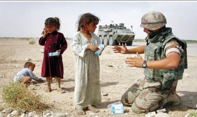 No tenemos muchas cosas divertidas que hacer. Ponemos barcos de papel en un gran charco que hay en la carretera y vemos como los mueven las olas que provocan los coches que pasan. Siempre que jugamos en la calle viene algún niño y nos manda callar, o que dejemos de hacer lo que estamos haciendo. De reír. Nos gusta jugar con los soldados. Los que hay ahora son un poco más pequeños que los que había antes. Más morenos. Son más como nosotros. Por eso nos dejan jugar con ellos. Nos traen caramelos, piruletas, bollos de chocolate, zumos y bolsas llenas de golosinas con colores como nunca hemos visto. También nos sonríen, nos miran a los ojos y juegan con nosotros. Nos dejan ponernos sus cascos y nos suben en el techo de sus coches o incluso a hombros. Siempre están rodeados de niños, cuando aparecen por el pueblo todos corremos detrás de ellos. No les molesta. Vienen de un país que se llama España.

--

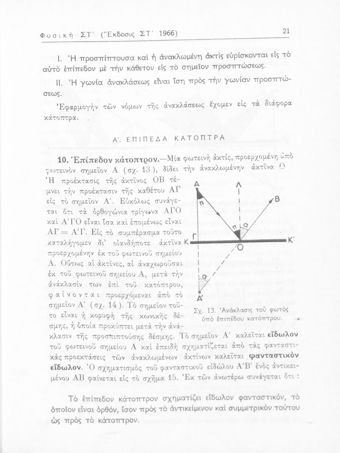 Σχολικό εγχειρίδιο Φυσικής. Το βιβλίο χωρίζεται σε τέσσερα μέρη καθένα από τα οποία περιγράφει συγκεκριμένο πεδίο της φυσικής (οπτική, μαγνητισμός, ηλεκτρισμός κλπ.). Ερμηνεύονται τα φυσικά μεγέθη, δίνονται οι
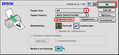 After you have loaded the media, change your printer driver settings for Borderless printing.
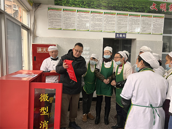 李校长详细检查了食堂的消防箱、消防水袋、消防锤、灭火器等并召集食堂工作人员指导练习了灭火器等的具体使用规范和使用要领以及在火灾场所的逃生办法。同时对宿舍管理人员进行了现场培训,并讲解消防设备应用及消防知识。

Work to complete
From the records above, copy only the lines running from the line containing "Σχολικό εγχειρίδιο Φυσικής." to the line containing "李校长详细检查了食堂的消防箱", both ends included. Leave the pictures out.

Solution to the problem
 Σχολικό εγχειρίδιο Φυσικής. Το βιβλίο χωρίζεται σε τέσσερα μέρη καθένα από τα οποία περιγράφει συγκεκριμένο πεδίο της φυσικής (οπτική, μαγνητισμός, ηλεκτρισμός κλπ.). Ερμηνεύονται τα φυσικά μεγέθη, δίνονται οι
 After you have loaded the media, change your printer driver settings for Borderless printing.
 李校长详细检查了食堂的消防箱、消防水袋、消防锤、灭火器等并召集食堂工作人员指导练习了灭火器等的具体使用规范和使用要领以及在火灾场所的逃生办法。同时对宿舍管理人员进行了现场培训,并讲解消防设备应用及消防知识。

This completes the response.